(Bar el Pozo II, 2004, de Ignacio Fortún. Técnica mixta sobre zinc, 80 x 180)

Tras las dos crónicas publicadas sobre el magnífico Parque de las Marionetas que hemos podido disfrutar estos días pasados en el Parque Gran José Antonio Labordeta (ver aquí), durante las Fiestas del Pilar de Zaragoza, queremos dedicar este artículo a dos eventos más que consideramos importantes: la exposición “Mirada y Relato” del artista Ignacio Fortún en la Lonja, y las actuaciones de Pelegrín a cargo de Pablo Girón, el héroe polichinesco creado por Teatro Arbolé, que como cada año acudió puntual en su cita con el público familiar en la Plaza de los Sitios de Zaragoza.

“Mirada y relato”

Vale la pena estos días acercarse a la Lonja, este majestuoso y a la vez austero edificio civil renacentista de la capital maña, con esos retratos tan titiriteros que hay en la fachada que representan a los gremios de la ciudad, para ver la gran exposición de pinturas de Ignacio Fortún (abierta hasta el 31 de diciembre de 2017).
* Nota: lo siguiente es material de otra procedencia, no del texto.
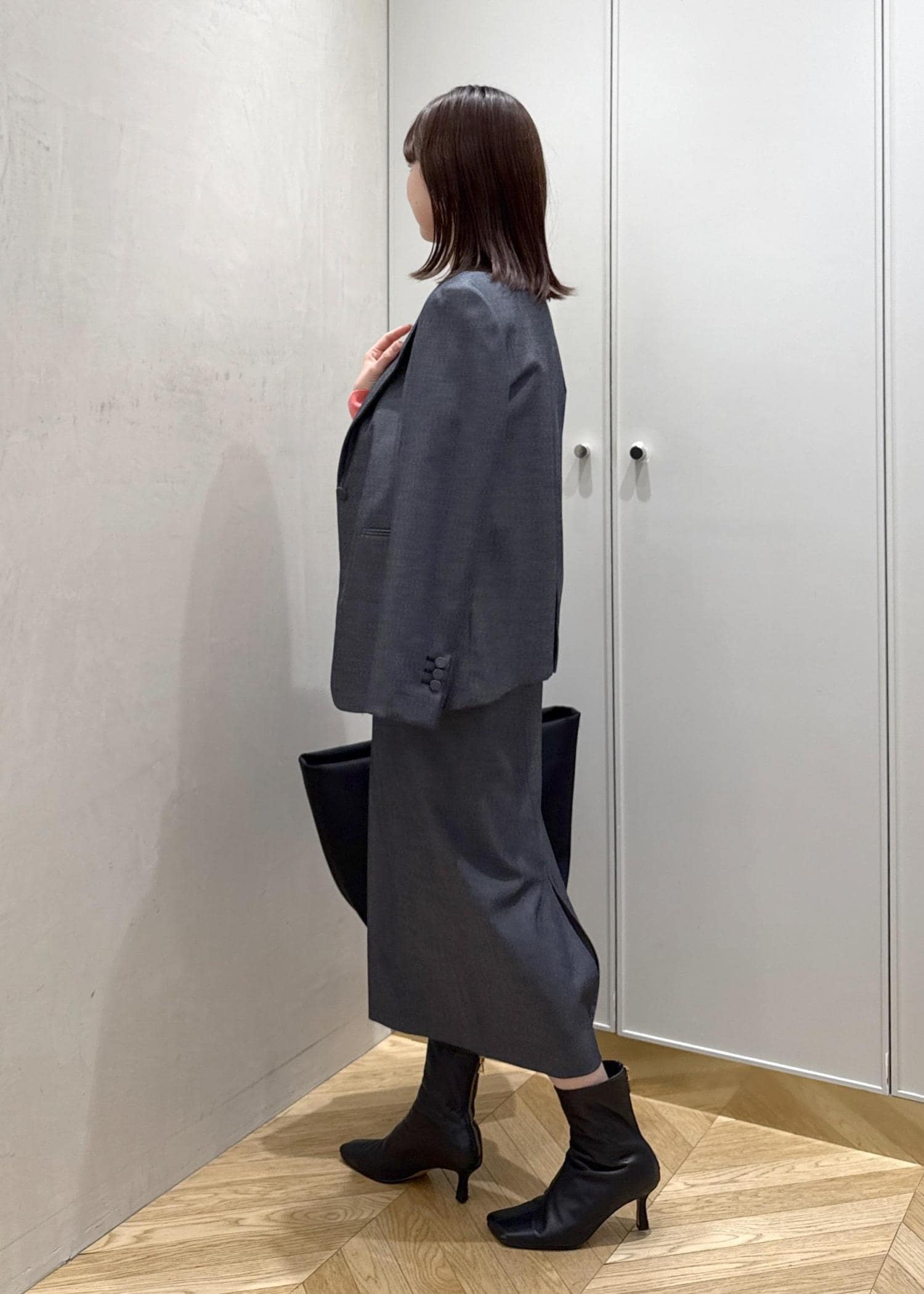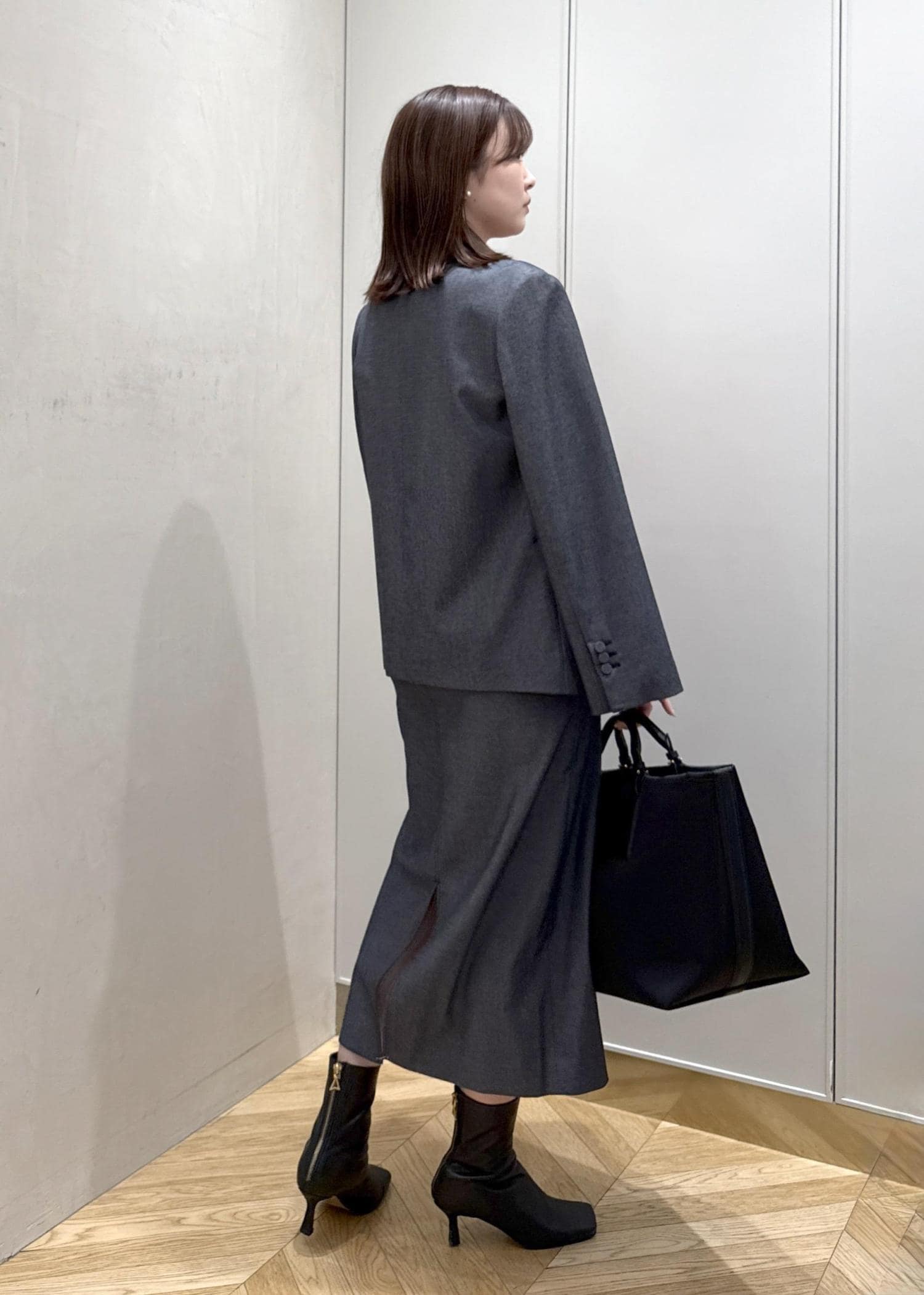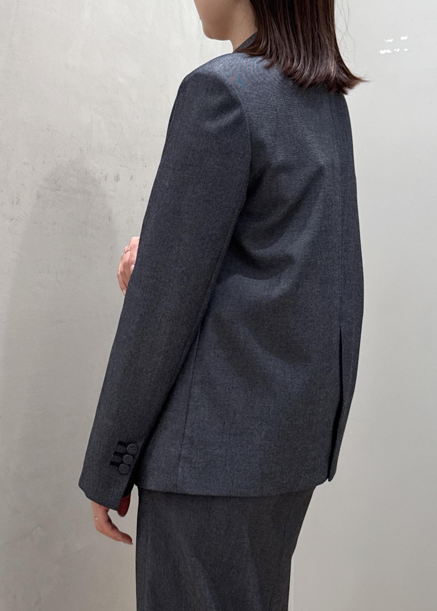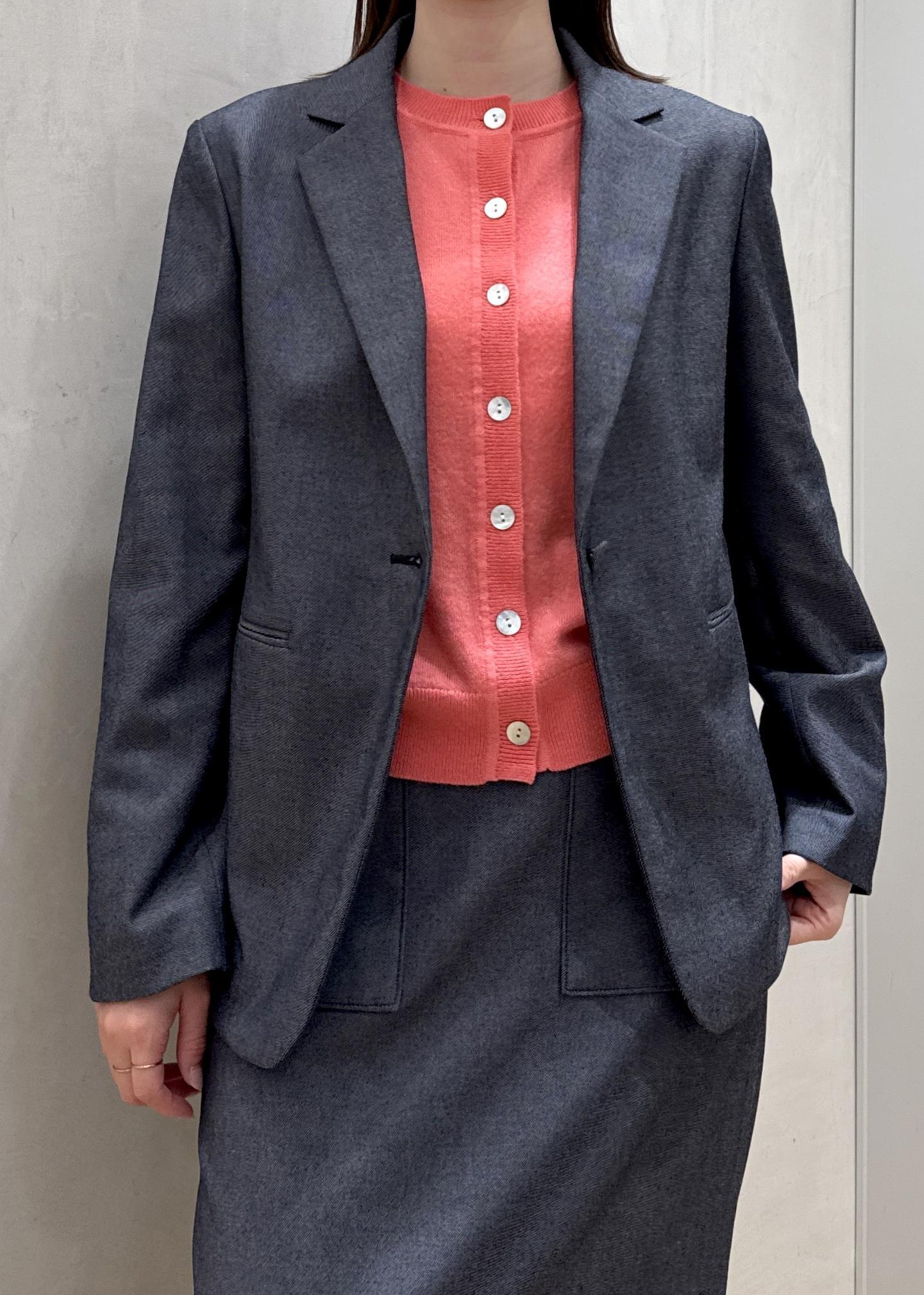 上質な落ち感とツヤもあり上品見えするジャケットです。
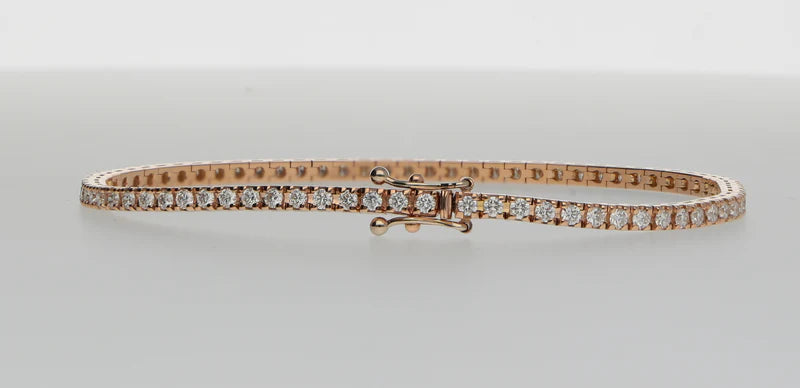 Geschmackvolles Tennis-Armband in Roségold 18K mit Brillanten von zus. ca. 2 ct (G/SI) in Krappenfassung, Länge 18 cm mit doppelter Achtersicherung, 9,7 g, Neuwertiger Zustand.
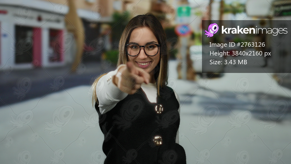 Woman pointing energetically with finger in a vibrant outdoor street setting wearing glasses and black vest, exuding confidence and positivity in the urban scene. - Kraken Images
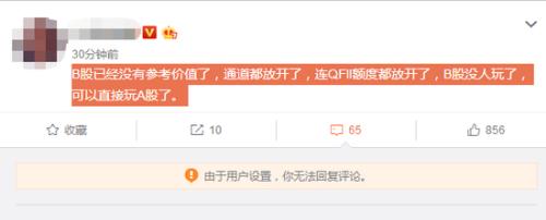 某微博大V发博直呼“B股已经没有参考价值了,通道都放开了,连QFII额度都放开了,B股没人玩了,可以直接玩A股了。 ”
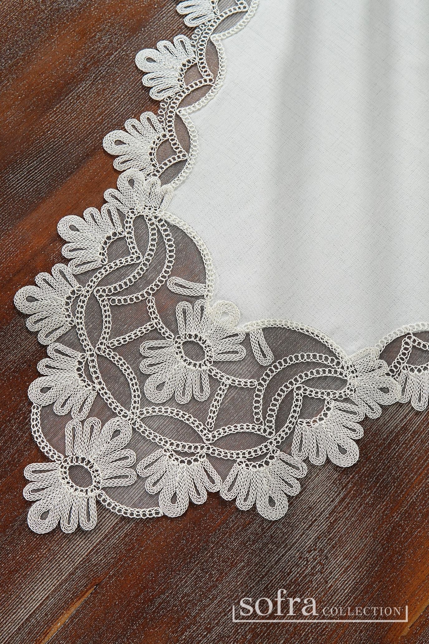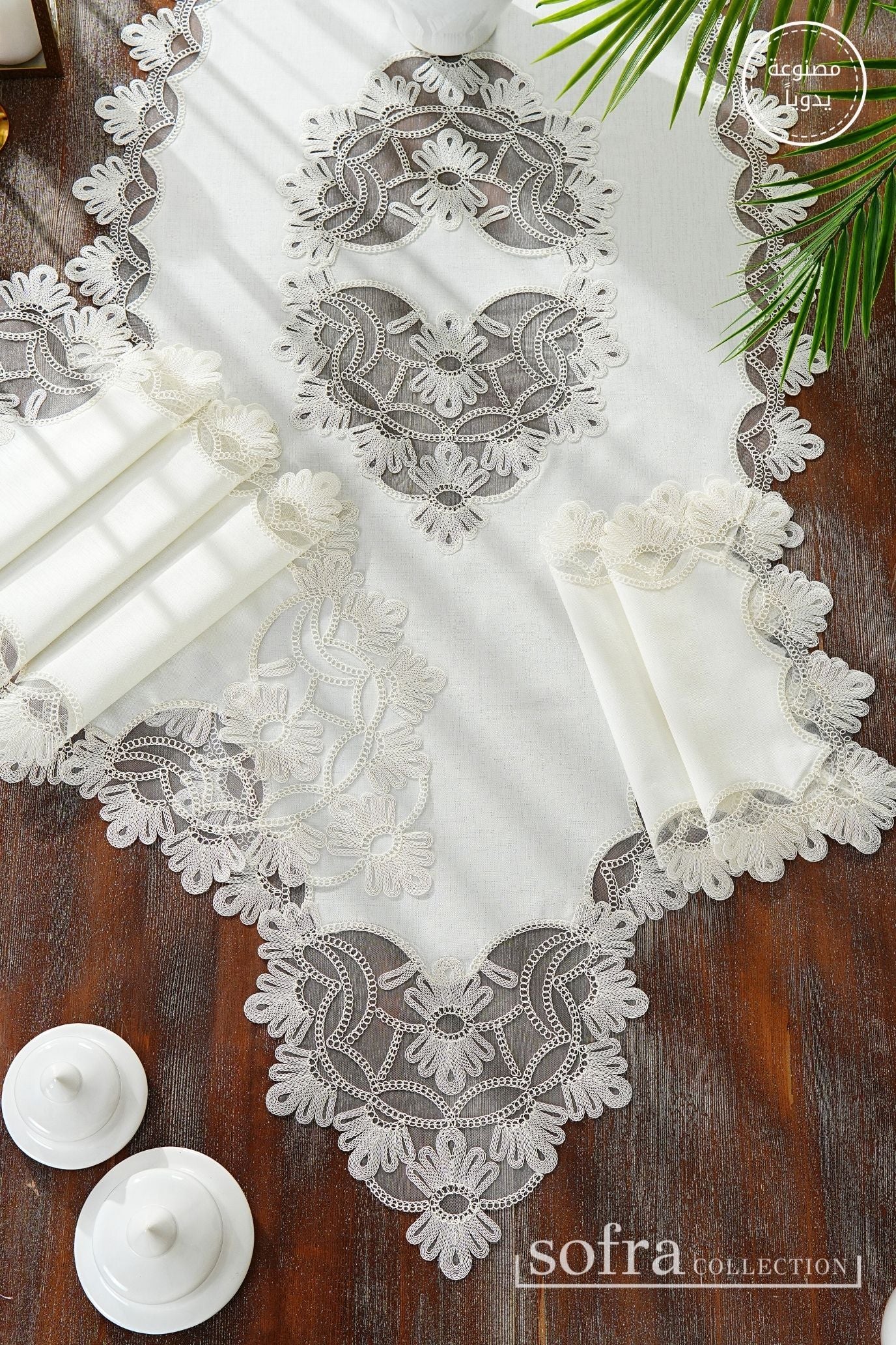 طقم مفارش صالون ٥ قطع مزين بدانتيل اوف وايت – موديل صوفيا - قماش كتان فاخر مقاوم للبقع
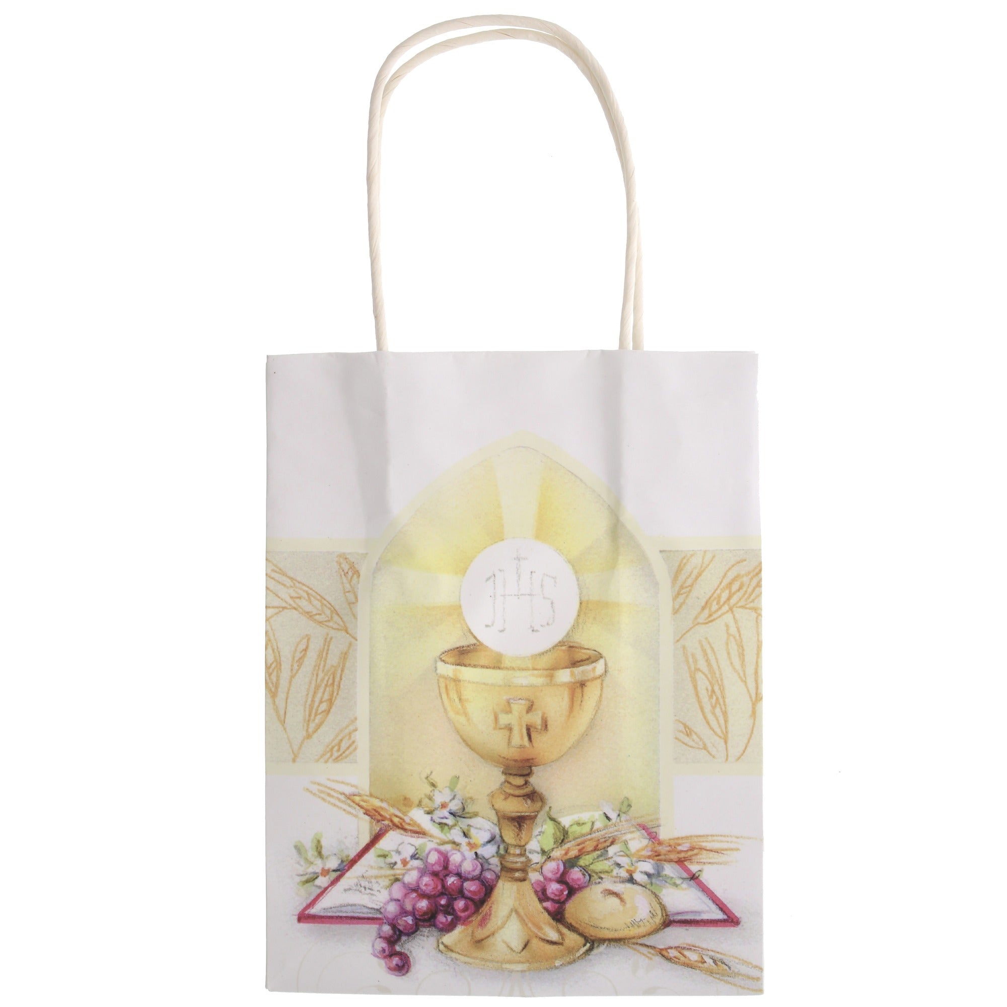 Present your First Communion gift in style with this Chalice Gift Bag. Featuring beautiful host and chalice imagery with a reverent and vibrant design, it adds a special touch to any celebration. Available in two sizes, this bag is perfect for making your gift memorable. Note: Tissue paper not included.
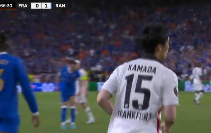 比赛进行到第67分钟时,镰田大地在前场拼抢,迫使对方失误,罗德前场断球立刻送出挑传,镰田大地插入禁区(并没有越位)获得单刀机会,可惜他的挑射稍稍高出门梁。没能进球,镰田大地跪地捂脸,非常懊恼。
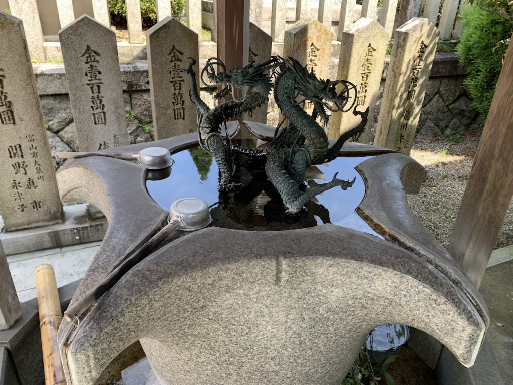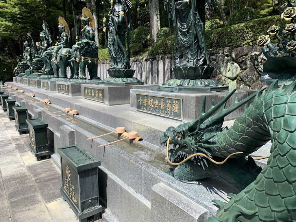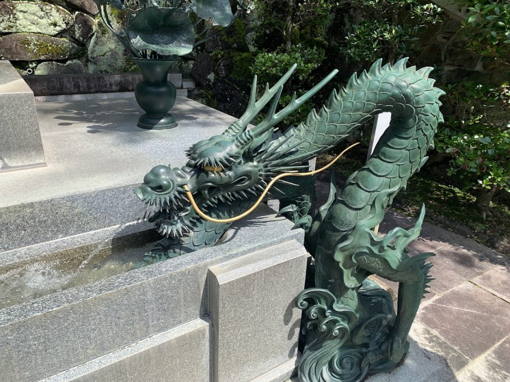 平安時代に弘法大師が寺に来られ、寺の背後にある登美山に力の強い龍神さまがおられると感じられ、奥の院に龍神様を祀られました。

Frachada de la Lonja, con sus retratos escultóricos.

Se trata de una exposición integral de la obra del artista de Zaragoza, es decir, en ella se reúnen obras de todas las épocas lo que permite obtener una idea de la evolución seguida y por lo tanto del mundo creado en su globalidad por el pintor. Una oportunidad de oro para entrar en el universo de un creador verdadero como es Fortún y llegarlo a entender, o al menos a aproximarse al mismo, ni que sea desde un primer abordaje, como fue mi caso. Un pintor que ha mostrado siempre un enorme interés por el teatro y los títeres, como lo demuestran sus colaboraciones con Adolfo Ayuso y con Elena Millán en varias obras y proyectos titiriteros.

Y debo decir que quedé impresionado por el recorrido que ofrece la exposición de toda una vida de trabajo, algo que muy pocas veces se encuentra al alcance de la mano. Creo que lo más interesante, para el neófito que se enfrenta por primera vez a su obra, es observar cómo se pasa de unos inicios muy teatrales o narrativos, con escenas costumbristas que resaltan los lados sórdidos de la realidad, en una línea casi de cómic satírico y grotesco, que busca la óptica deformada del esperpento, a unas etapas sucesivas en las que de pronto desaparece la figura humana, implícita pero ausente en una serie de paisajes desolados, grises y casi apocalípticos, para al final, reaparecer la figura, no en su forma realista y satírica de los primeros años, sino incrustada en el paisaje, como sombras que configuran cuerpos de tonos y texturas diferentes. Una evolución que va a la par con la técnica y los materiales de partida, pues si al comienzo lo que vemos son óleos sobre lienzo llenos de color, en la etapa posterior desaparecen los colores y la figura humana, aún siendo óleos sobre lienzo, para muy rápidamente introducirse un nuevo soporte, el zinc y el aluminio tratados con ácidos y leves pinceladas de color.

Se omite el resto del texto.